Exercise details
Without the images, print every line of the material below exactly as given.

Material provided
☆ ☆ ☆ ☆

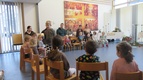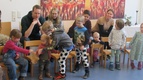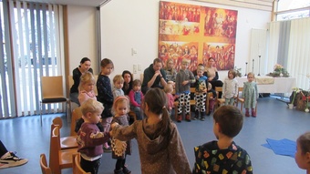 Etwas Verborgenes, eingehüllt in ein blaues Tuch, lag in der Mitte. Ein großer Stern kam zum Vorschein. Der Stern scheint etwas Besonderes zu sein: Leuchtend am Nachthimmel wanderte der Stern. Auch in unserem Kreis zog er seine Bahn. Was verkündet er? Was hat er Großes zu sagen? Was will er uns erzählen?... Wir begleiteten den Stern gemeinsam mit den Sterndeutern einen langen Weg, bis wir fanden, wohin er uns führte. Endlich kamen die Sterndeuter nach langer Zeit in die Stadt Jerusalem zum König Herodes, der um seine Macht fürchtete. Der Stern leuchtete die ganze Zeit und blieb über dem Stall in Betlehem stehen. Sie spürten: Jesus ist etwas Besonderes. In diesem Kind ist Gott uns nahe. Er macht unseren Weg hell und führt uns auf gute Wege. "Der Weihnachtsstern, der weiß den Weg...", ein schönes Lied , das uns durch den Gottesdienst begleitete.
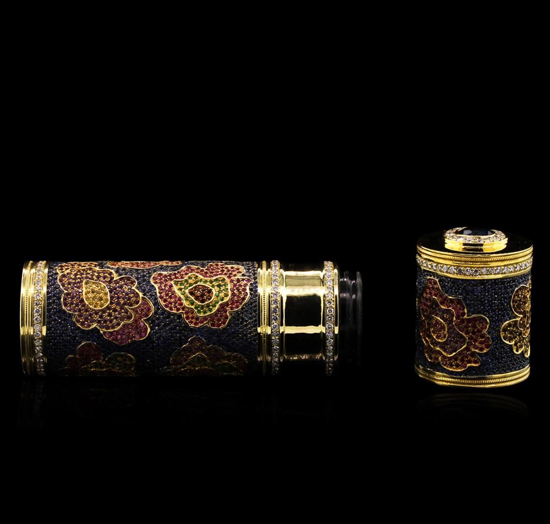 One electronically tested 18KT yellow gold combination cast & assembled fashion perfume bottle holder with a bright polish with milgrain detailing finish. Identified with markings of "750". Condition is like new, good workmanship. Containing: Eighteen prong set round brilliant cut diamonds, measuring 2.00 - 1.90 x 1.27mm (depth est.) approximate total weight of 18 Stones = 0.53ct. Graded in the setting. Clarity: VS-1 to VS-2. Color: F - G. Cut Very Good One Hundred Eighty-Four prong set round brilliant cut diamonds, measuring 1.50 - 1.40 x 0.94mm (depth est.) approximate total weight of 184 Stones = 2.20ct. Graded in the setting. Clarity: VS-1 to VS-2. Color: F - Very Good One bezel set round modified brilliant cut natural blue sapphire, measuring 7.50 - 7.45 x 4.86 mm, approximate weight of 2.20ct., clarity is slightly included, type II, dark, moderately strong, blue color, (GIA B 7/4), cut is excellent. Colored gemstones are presumed to have been subjected to commonly used enhancement processes. Graded in the setting. Two hundred ninety-four prong set round brilliant cut natural rubies, measuring 1.10 - 1.00 x 0.68 mm, approximate total weight of 2.94ct., clarity is eye clean, type II, medium dark, moderately strong, red color, (GIA R 6/4), cut is good. Colored gemstones are presumed to have been subjected to commonly used enhancement processes. Graded in the setting. One hundred seventy-nine prong set round brilliant cut natural pink sapphires, measuring 1.10 - 1.00 x 0.68 mm, approximate total weight of 1.79ct., clarity is eye clean, type II, medium, moderately strong, purple red color, (GIA PR 5/4), cut is good. Colored gemstones are presumed to have been subjected to commonly used enhancement processes. Graded in the setting. Fifty-three prong set round brilliant cut natural yellow sapphires, measuring 1.10 - 1.00 x 0.68 mm, approximate total weight of 0.53ct., clarity is eye clean, type II, medium light, moderately strong, yellow color, (GIA Y 4/4), cut is good. Colored gemstones are presumed to have been subjected to commonly used enhancement processes. Graded in the setting. Thirty-four prong set round brilliant cut natural orange sapphires, measuring 1.10 - 1.00 x 0.68 mm, approximate total weight of 0.34ct., clarity is eye clean, type II, medium, moderately strong, reddish orange color, (GIA rO 5/4), cut is good. Colored gemstones are presumed to have been subjected to commonly used enhancement processes. Graded in the setting. Thirty-three prong set round brilliant cut natural smoky quartzes, measuring 1.10 - 1.00 x 0.68 mm, approximate total weight of 0.33ct., clarity is slightly included, medium, very slightly grayish, brown color, (GIA Br 5/3), cut is good. Colored gemstones are presumed to have been subjected to commonly used enhancement processes. Graded in the setting. Two hundred sixty-one prong set round brilliant cut natural amethysts, measuring 1.10 - 1.00 x 0.68 mm, approximate total weight of 2.61ct., clarity is slightly included, type II, medium light, moderately strong, purple color, (GIA P 4/4), cut is good. Colored gemstones are presumed to have been subjected to commonly used enhancement processes. Graded in the setting. Three hundred seventy-five prong set round brilliant cut natural emeralds, measuring 1.10 - 1.00 x 0.68 mm, approximate total weight of 3.75ct., clarity is slightly included, type III, medium dark, very slightly grayish, green color, (GIA G 6/3), cut is good. Colored gemstones are presumed to have been subjected to commonly used enhancement processes. Graded in the setting. One hundred seventy-five prong set round brilliant cut natural aquamarines, measuring 1.10 - 1.00 x 0.68 mm, approximate total weight of 1.75ct., clarity is slightly included, type I, medium light, very slightly grayish, very slightly greenish blue color, (GIA vslgB 4/3), cut is good. Colored gemstones are presumed to have been subjected to commonly used enhancement processes. Graded in the setting. One hundred sixty-eight prong set round brilliant cut natural almandite garnets, measuring 1.10 - 1.00 x 0.68 mm, approximate total weight of 1.68ct., clarity is eye clean, type II, medium dark, slightly brownish, orangy red color, (GIA oR 6/2), cut is good. Colored gemstones are presumed to have been subjected to commonly used enhancement processes. Graded in the setting. Nine hundred ninety-nine bead set round cut natural blue sapphires, measuring 1.10 - 1.00 x 0.68 mm, approximate total weight of 9.99ct., clarity is slightly included, type II, medium dark, very slightly grayish, blue color, (GIA B 6/3), cut is good. Colored gemstones are presumed to have been subjected to commonly used enhancement processes. Graded in the setting. Nine hundred ninety-nine prong set round brilliant cut natural blue sapphires, measuring 1.10 - 1.00 x 0.68 mm, approximate total weight of 9.99ct., clarity is slightly included, type II, medium dark, moderately strong, blue color, (GIA B 6/4), cut is good. Colored gemstones are presumed to have been subjected to commonly used enhancement processes. Graded in the setting. Five hundred twenty-five prong set round brilliant cut natural blue sapphires, measuring 1.10 - 1.00 x 0.68 mm, approximate total weight of 5.25ct., clarity is slightly included, type II, medium dark, moderately strong, blue color, (GIA B 6/4), cut is good. Colored gemstones are presumed to have been subjected to commonly used enhancement processes. Graded in the setting. Total Weight of Colored Stones 43.15ct. Total Weight of Diamonds 2.73ct. Total Weight of Perfume Bottle Holder117.00gm. GAS Appraised at $81,595.00.
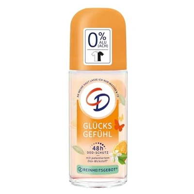 The CD roll-on happiness with orange blossom offers long-lasting freshness, safety and care. Reliable 24-hour deodorant protection against body odour The skin compatibility of the deodorant is dermatologically tested, it is pH neutral and also suitable for sensitive skin as for all other skin types Reliable protection against unpleasant body odour without leaving white residue on clothing The CD roll-on deodorant complies with the CD purity requirement: only selected ingredients, no synthetic dyes and no animal ingredients Box contents: 6 x 50 ml deodorant with good luck feeling from CD / deodorant roller without aluminium salts 24-hour roll-on deodorant with orange blossom fragrance.

☆ ☆ ☆ ☆

Reply
 Etwas Verborgenes, eingehüllt in ein blaues Tuch, lag in der Mitte. Ein großer Stern kam zum Vorschein. Der Stern scheint etwas Besonderes zu sein: Leuchtend am Nachthimmel wanderte der Stern. Auch in unserem Kreis zog er seine Bahn. Was verkündet er? Was hat er Großes zu sagen? Was will er uns erzählen?... Wir begleiteten den Stern gemeinsam mit den Sterndeutern einen langen Weg, bis wir fanden, wohin er uns führte. Endlich kamen die Sterndeuter nach langer Zeit in die Stadt Jerusalem zum König Herodes, der um seine Macht fürchtete. Der Stern leuchtete die ganze Zeit und blieb über dem Stall in Betlehem stehen. Sie spürten: Jesus ist etwas Besonderes. In diesem Kind ist Gott uns nahe. Er macht unseren Weg hell und führt uns auf gute Wege. "Der Weihnachtsstern, der weiß den Weg...", ein schönes Lied , das uns durch den Gottesdienst begleitete.
 One electronically tested 18KT yellow gold combination cast & assembled fashion perfume bottle holder with a bright polish with milgrain detailing finish. Identified with markings of "750". Condition is like new, good workmanship. Containing: Eighteen prong set round brilliant cut diamonds, measuring 2.00 - 1.90 x 1.27mm (depth est.) approximate total weight of 18 Stones = 0.53ct. Graded in the setting. Clarity: VS-1 to VS-2. Color: F - G. Cut Very Good One Hundred Eighty-Four prong set round brilliant cut diamonds, measuring 1.50 - 1.40 x 0.94mm (depth est.) approximate total weight of 184 Stones = 2.20ct. Graded in the setting. Clarity: VS-1 to VS-2. Color: F - Very Good One bezel set round modified brilliant cut natural blue sapphire, measuring 7.50 - 7.45 x 4.86 mm, approximate weight of 2.20ct., clarity is slightly included, type II, dark, moderately strong, blue color, (GIA B 7/4), cut is excellent. Colored gemstones are presumed to have been subjected to commonly used enhancement processes. Graded in the setting. Two hundred ninety-four prong set round brilliant cut natural rubies, measuring 1.10 - 1.00 x 0.68 mm, approximate total weight of 2.94ct., clarity is eye clean, type II, medium dark, moderately strong, red color, (GIA R 6/4), cut is good. Colored gemstones are presumed to have been subjected to commonly used enhancement processes. Graded in the setting. One hundred seventy-nine prong set round brilliant cut natural pink sapphires, measuring 1.10 - 1.00 x 0.68 mm, approximate total weight of 1.79ct., clarity is eye clean, type II, medium, moderately strong, purple red color, (GIA PR 5/4), cut is good. Colored gemstones are presumed to have been subjected to commonly used enhancement processes. Graded in the setting. Fifty-three prong set round brilliant cut natural yellow sapphires, measuring 1.10 - 1.00 x 0.68 mm, approximate total weight of 0.53ct., clarity is eye clean, type II, medium light, moderately strong, yellow color, (GIA Y 4/4), cut is good. Colored gemstones are presumed to have been subjected to commonly used enhancement processes. Graded in the setting. Thirty-four prong set round brilliant cut natural orange sapphires, measuring 1.10 - 1.00 x 0.68 mm, approximate total weight of 0.34ct., clarity is eye clean, type II, medium, moderately strong, reddish orange color, (GIA rO 5/4), cut is good. Colored gemstones are presumed to have been subjected to commonly used enhancement processes. Graded in the setting. Thirty-three prong set round brilliant cut natural smoky quartzes, measuring 1.10 - 1.00 x 0.68 mm, approximate total weight of 0.33ct., clarity is slightly included, medium, very slightly grayish, brown color, (GIA Br 5/3), cut is good. Colored gemstones are presumed to have been subjected to commonly used enhancement processes. Graded in the setting. Two hundred sixty-one prong set round brilliant cut natural amethysts, measuring 1.10 - 1.00 x 0.68 mm, approximate total weight of 2.61ct., clarity is slightly included, type II, medium light, moderately strong, purple color, (GIA P 4/4), cut is good. Colored gemstones are presumed to have been subjected to commonly used enhancement processes. Graded in the setting. Three hundred seventy-five prong set round brilliant cut natural emeralds, measuring 1.10 - 1.00 x 0.68 mm, approximate total weight of 3.75ct., clarity is slightly included, type III, medium dark, very slightly grayish, green color, (GIA G 6/3), cut is good. Colored gemstones are presumed to have been subjected to commonly used enhancement processes. Graded in the setting. One hundred seventy-five prong set round brilliant cut natural aquamarines, measuring 1.10 - 1.00 x 0.68 mm, approximate total weight of 1.75ct., clarity is slightly included, type I, medium light, very slightly grayish, very slightly greenish blue color, (GIA vslgB 4/3), cut is good. Colored gemstones are presumed to have been subjected to commonly used enhancement processes. Graded in the setting. One hundred sixty-eight prong set round brilliant cut natural almandite garnets, measuring 1.10 - 1.00 x 0.68 mm, approximate total weight of 1.68ct., clarity is eye clean, type II, medium dark, slightly brownish, orangy red color, (GIA oR 6/2), cut is good. Colored gemstones are presumed to have been subjected to commonly used enhancement processes. Graded in the setting. Nine hundred ninety-nine bead set round cut natural blue sapphires, measuring 1.10 - 1.00 x 0.68 mm, approximate total weight of 9.99ct., clarity is slightly included, type II, medium dark, very slightly grayish, blue color, (GIA B 6/3), cut is good. Colored gemstones are presumed to have been subjected to commonly used enhancement processes. Graded in the setting. Nine hundred ninety-nine prong set round brilliant cut natural blue sapphires, measuring 1.10 - 1.00 x 0.68 mm, approximate total weight of 9.99ct., clarity is slightly included, type II, medium dark, moderately strong, blue color, (GIA B 6/4), cut is good. Colored gemstones are presumed to have been subjected to commonly used enhancement processes. Graded in the setting. Five hundred twenty-five prong set round brilliant cut natural blue sapphires, measuring 1.10 - 1.00 x 0.68 mm, approximate total weight of 5.25ct., clarity is slightly included, type II, medium dark, moderately strong, blue color, (GIA B 6/4), cut is good. Colored gemstones are presumed to have been subjected to commonly used enhancement processes. Graded in the setting. Total Weight of Colored Stones 43.15ct. Total Weight of Diamonds 2.73ct. Total Weight of Perfume Bottle Holder117.00gm. GAS Appraised at $81,595.00.
 The CD roll-on happiness with orange blossom offers long-lasting freshness, safety and care. Reliable 24-hour deodorant protection against body odour The skin compatibility of the deodorant is dermatologically tested, it is pH neutral and also suitable for sensitive skin as for all other skin types Reliable protection against unpleasant body odour without leaving white residue on clothing The CD roll-on deodorant complies with the CD purity requirement: only selected ingredients, no synthetic dyes and no animal ingredients Box contents: 6 x 50 ml deodorant with good luck feeling from CD / deodorant roller without aluminium salts 24-hour roll-on deodorant with orange blossom fragrance.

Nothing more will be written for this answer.